Gary went on to have one of footy’s greatest careers, and his brother Nathan also played at Geelong and the Gold Coast Suns.

As the son of Gary Ablett Snr, also widely regarded as one of the best players of all time, Gary will be long feted in footy folklore for his enviable achievements: 357 games, two Brownlow medals, two premierships, eight All-Australians, five Leigh Matthews trophies, six club best and fairest awards and many more accolades after retiring at the end of 2020.

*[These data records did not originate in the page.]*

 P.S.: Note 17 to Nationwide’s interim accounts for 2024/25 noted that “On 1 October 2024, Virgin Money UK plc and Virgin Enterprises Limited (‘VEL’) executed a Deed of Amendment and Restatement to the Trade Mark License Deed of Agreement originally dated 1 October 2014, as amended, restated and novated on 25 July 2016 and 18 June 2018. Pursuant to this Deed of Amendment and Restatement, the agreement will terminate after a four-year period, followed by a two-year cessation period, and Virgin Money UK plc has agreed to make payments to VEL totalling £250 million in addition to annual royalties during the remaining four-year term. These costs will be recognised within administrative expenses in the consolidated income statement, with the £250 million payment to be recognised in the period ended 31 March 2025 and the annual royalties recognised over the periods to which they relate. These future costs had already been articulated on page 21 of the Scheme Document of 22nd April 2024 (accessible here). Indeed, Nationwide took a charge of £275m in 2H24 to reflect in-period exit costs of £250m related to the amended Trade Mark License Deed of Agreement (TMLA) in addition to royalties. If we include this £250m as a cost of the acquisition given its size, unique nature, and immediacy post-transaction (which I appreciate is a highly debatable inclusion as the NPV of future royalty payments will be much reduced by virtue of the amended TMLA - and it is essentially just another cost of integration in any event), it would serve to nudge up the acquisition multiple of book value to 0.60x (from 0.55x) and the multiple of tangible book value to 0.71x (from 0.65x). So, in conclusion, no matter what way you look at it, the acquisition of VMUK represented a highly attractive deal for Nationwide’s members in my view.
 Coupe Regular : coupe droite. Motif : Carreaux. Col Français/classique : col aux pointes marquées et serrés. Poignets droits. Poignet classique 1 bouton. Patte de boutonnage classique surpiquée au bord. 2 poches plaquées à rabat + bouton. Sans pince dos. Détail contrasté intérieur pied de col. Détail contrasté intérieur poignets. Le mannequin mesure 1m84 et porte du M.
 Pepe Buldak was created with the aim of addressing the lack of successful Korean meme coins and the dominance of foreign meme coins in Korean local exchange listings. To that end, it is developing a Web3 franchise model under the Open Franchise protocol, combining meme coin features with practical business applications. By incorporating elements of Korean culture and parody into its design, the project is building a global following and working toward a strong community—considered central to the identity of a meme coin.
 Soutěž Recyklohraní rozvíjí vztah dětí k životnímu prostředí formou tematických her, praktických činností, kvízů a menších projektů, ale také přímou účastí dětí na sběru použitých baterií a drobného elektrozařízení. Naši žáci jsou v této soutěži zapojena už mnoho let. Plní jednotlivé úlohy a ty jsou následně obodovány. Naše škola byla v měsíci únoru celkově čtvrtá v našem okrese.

For his 300th game Jordan collected letters written to Gary by other greats including Scott Pendlebury, Luke Hodge, Lance Franklin, Chris Judd and one particularly moving letter from his dad which details his pride in Gary Jnr following in his footsteps and for being a “man of God”.

“As a father, the way you’ve faced and responded to the many challenges that have come your way and how you’ve conducted yourself both on and off the field make me very proud of the man that you have become,’’ the letter from Gary Snr read. “Thank you for the honour that is mine because of you! Once again, congratulations. I love you very much. Dad.”

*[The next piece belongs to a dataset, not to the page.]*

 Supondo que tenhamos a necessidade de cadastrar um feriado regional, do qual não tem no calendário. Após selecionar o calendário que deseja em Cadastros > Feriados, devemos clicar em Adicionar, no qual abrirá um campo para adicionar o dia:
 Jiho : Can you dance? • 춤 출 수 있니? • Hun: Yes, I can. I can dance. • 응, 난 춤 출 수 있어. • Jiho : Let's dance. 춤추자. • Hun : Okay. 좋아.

The motto that has served the Abletts well is taking things one day at a time – the fitting title of Jordan’s book.

They are a busy family of five and they are happy. Already at age six, Levi and his radiant smile have defied the odds and Jordan is uplifted by that thought each day. “I don’t know if I made it necessarily clear in the book, people often contact me and share their struggles and talk about their admiration for me,’’ Jordan says.

“But I absolutely have my days where it all feels too much, there are days where I could be more patient, there are days where I could be more hopeful about our circumstances.

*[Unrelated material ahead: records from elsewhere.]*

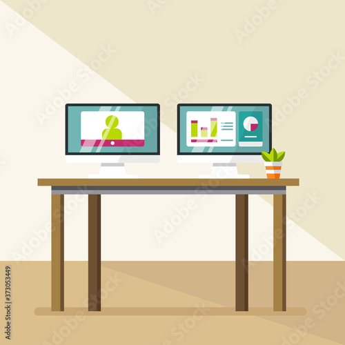 Home workspace illustration. Video call, graphic designer, finance, monitor, desk, table, computer.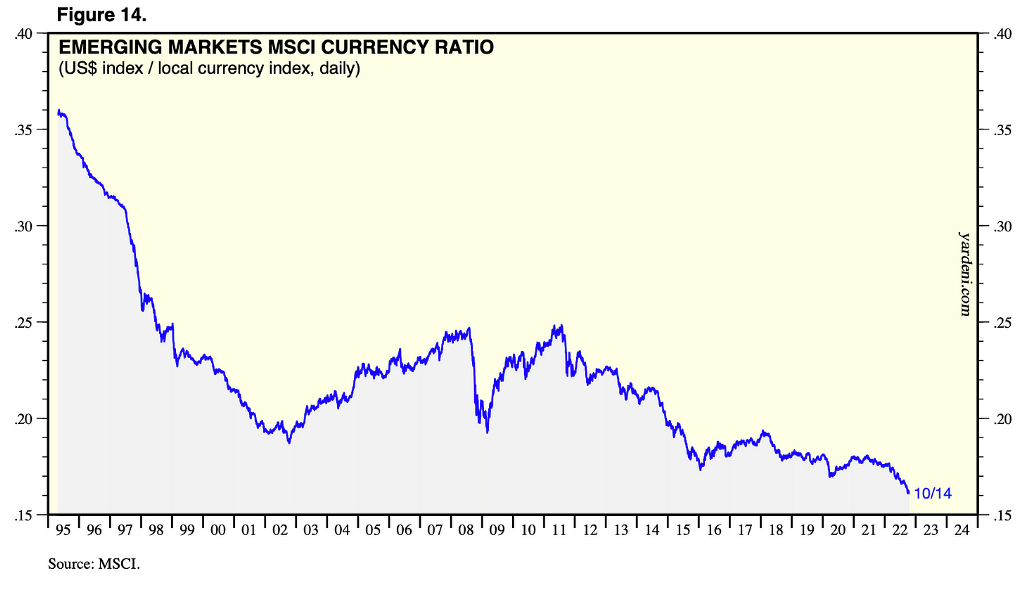 The EM MSCI Currency ratio has been falling since 2010 and has reached an all-time low, depicting extreme local currency weakness across the board.
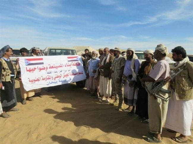 وثمن، أبناء منطقة "المصينعة"، المواقف البطولية لقوات الجيش الوطني والمقاومة وأبناء مديريات بيحان وعين وعسيلان، في مواجهة جحافل المليشيات الانقلابية.. مشيرين إلى أن تعمد المليشيات في إزهاق أرواح الأبرياء والنساء والأطفال يزيد قبائل شبوة إصراراً وعزيمةً في مواجهة المليشيات الإنقلابية التي إنتهكت الأعراف والمواثيق الدولية والإنسانية.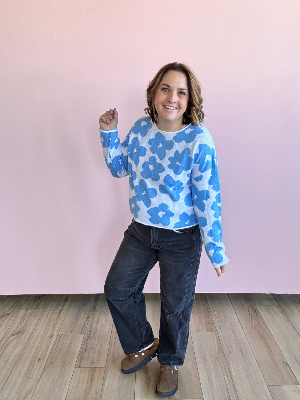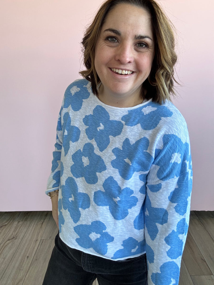 Jump into retro chic with the Belle Blue Flower sweater. This sweater features a 70's vibe with a bold floral design, perfect for adding a fun pop of color to any outfit. Stay cozy and stylish with this quirky and playful piece!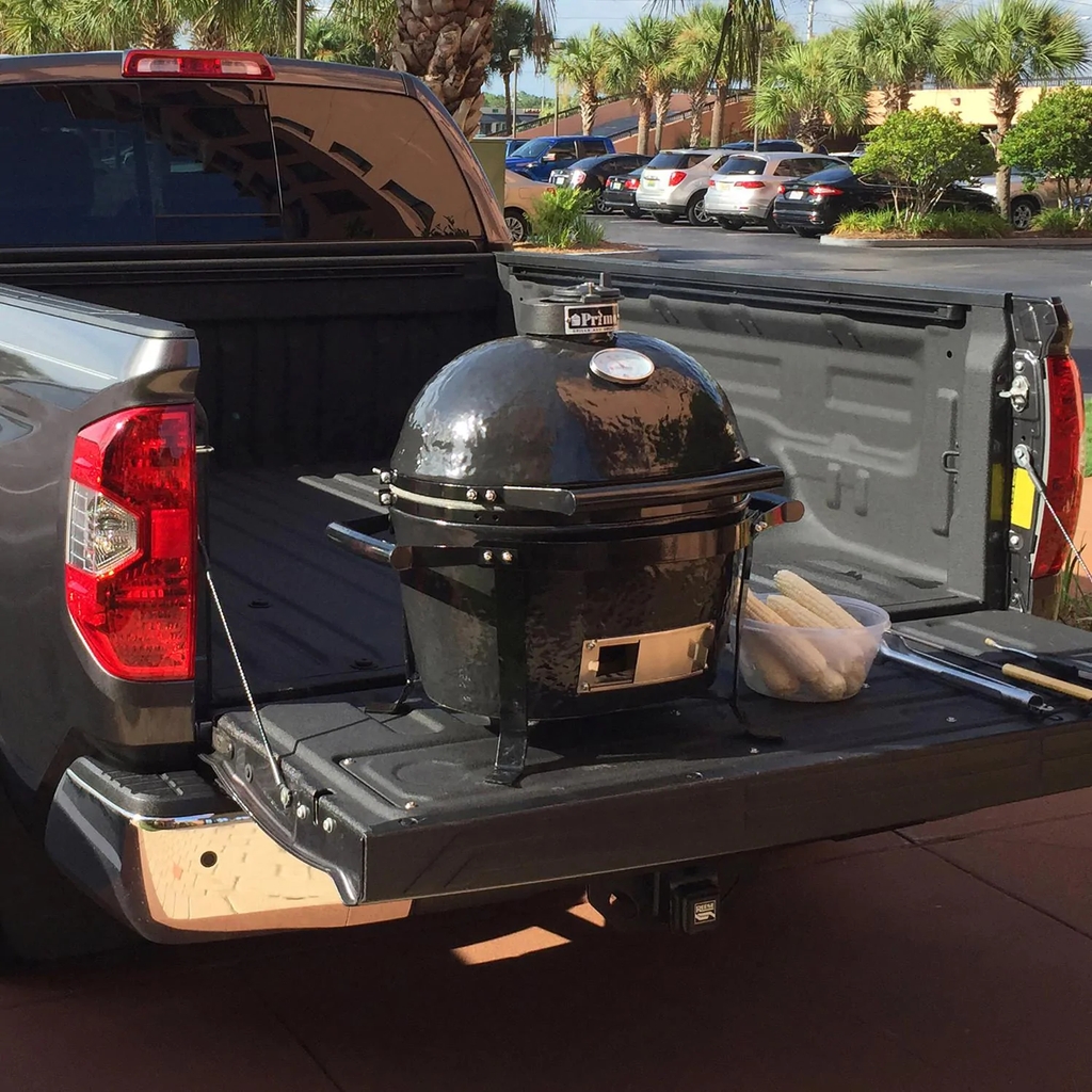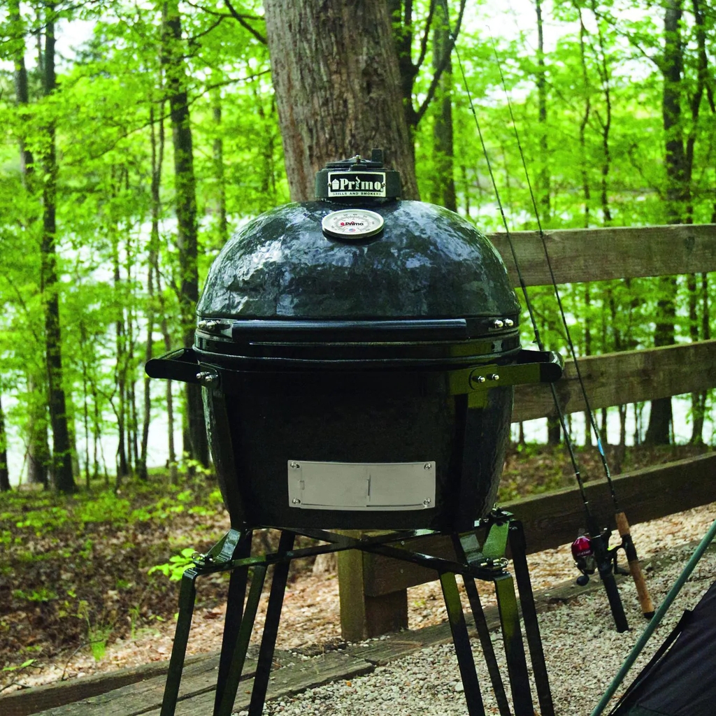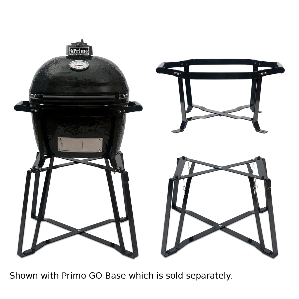 Choose Primo and experience the best in kamado style charcoal cooking. The Primo Oval Junior Smoker Charcoal Grill is a medium to large size grill with all the benefits of the original, uniquely shaped Oval XL, but for those who do not need as much cooking area. The distinct shape of the Oval Junior allows you to cook using direct or indirect heat, expanding your grilling options unlike any other kamado-style grill. This grill features easy to clean and reversible porcelain-coated cooking grates, as well as one of the highest sitting lids on the market which is great for cooking whole chickens. This kamado style grill is made in the USA, unlike its competition, constructed with premium grade Primo SuperCeramics, and coated with a protective, lead-free, and scratch-resistant porcelain glaze. The patented Primo Oval Junior efficiently retains and evenly distributes heat across the 210 square inches of cooking surface, perfect for maintaining a consistent temperature. Smoke meat at temperatures as low as 180 degrees Fahrenheit, or turn up the heat to more than 500 degrees Fahrenheit for searing and grilling. Use the cast iron chimney cap, stainless steel lower vent door, and easy to read thermometer for monitoring and keeping a precise temperature. The easy lift-and-lock hinge system keeps the lid raised in place, and the soft-close felt gasket protects the ceramic while opening and closing the lid using the cool touch handle. The Primo Oval Junior on GO portable carrier is the largest portable ceramic grill available. Pair it with the GO Base and it becomes a two-piece cradle that offers maximum portability and at home use without the need for a grill table or cart. With the sturdy handles of the Primo GO portable carrier and a friend and the Primo Oval Junior can easily be taken to a tailgate, camping or on a picnic. The variety of accessories available, along with the unique oval shape, allows flexibility in cooking a never ending list of delicious meals. Choosing a Primo kamado style grill is a decision you will never regret.

“I just wanted to express that … but overall and at the core, I know we are blessed and I know that when those hard days come, and they do, it’s so important to not give in to those emotions and not let them dictate your day and take away from the gift that it is.

“For him to still be Levi and not have the condition would be amazing. But Gaz and I always remind ourselves that Levi knows no different. The silver lining I can see is that Levi is completely untouched by this world.

“He’s innocent, he’s pure, there is nothing tainted about him in any way.

“And he’s totally content.

“We just hope that he loves his life. Enjoys it and feels loved which I know he does.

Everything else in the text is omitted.